Blog & Projects

Maintaining & Displaying Tapestries and Wall Hangings

All textiles are susceptible to environmental damage, and wall hangings and tapestries are particularly vulnerable because they are often displayed without protection. Pests, UV light and inappropriate hanging are three of the most important things to watch out for.

Pests are attracted to dust and dirt and will eat natural fibres, so keeping tapestries and wall hangings clean is a priority. The best way to clean textiles is with a museum brush vac (MBV) and textile netting, which allows dust and dirt to be gently sucked away without causing damage. Generally this type of conservation cleaning should be carried out every one to two years, depending on the location of the hanging. (If a hanging is located in a high foot traffic area then it should be cleaned more frequently.) Regularly check all tapestries and wall hangings for any signs of pests, and using a museum trap to monitor insect activity is advisable.

 

 

 

Displaying tapestries or wall hangings in bright or direct sunlight will cause fading and also damage the textile fibre. A good way to lessen light damage is to draw curtains or blinds in the room where the hanging is located whenever the room is not in use. UV filters can also be fitted to windows.

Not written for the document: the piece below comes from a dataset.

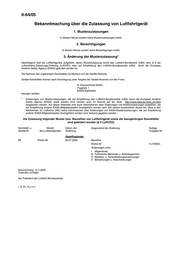 ZUSÄTZLICHE BESCHRÄNKUNGEN UND INFORMATIONEN ZUR MUSTERZULASSUNG (e) Die Kennung des Luftfahrzeuges (Kennzeichen usw.) sollte auf der Kopie hinzugefügt werden, die Teil des

It is very important to avoid straining when displaying tapestries and wall hangings, so proper support is essential. Evenly distributed weight along the hanging can be achieved by sewing a piece of Velcro along one edge and then mounting the other side on a wand which can be fixed to the wall. (If the wall hanging is fragile or valuable or you have any concerns about damaging it, then always seek professional help.)

Ideally tapestries and wall hangings should be mounted slightly away from the wall to avoid possible damage from moisture or dampness, and for the same reason it is best to hang them on an internal wall. Tapestries and wall hangings should ideally be lined, and finally do not mount them directly above a radiator or close to bright spotlights.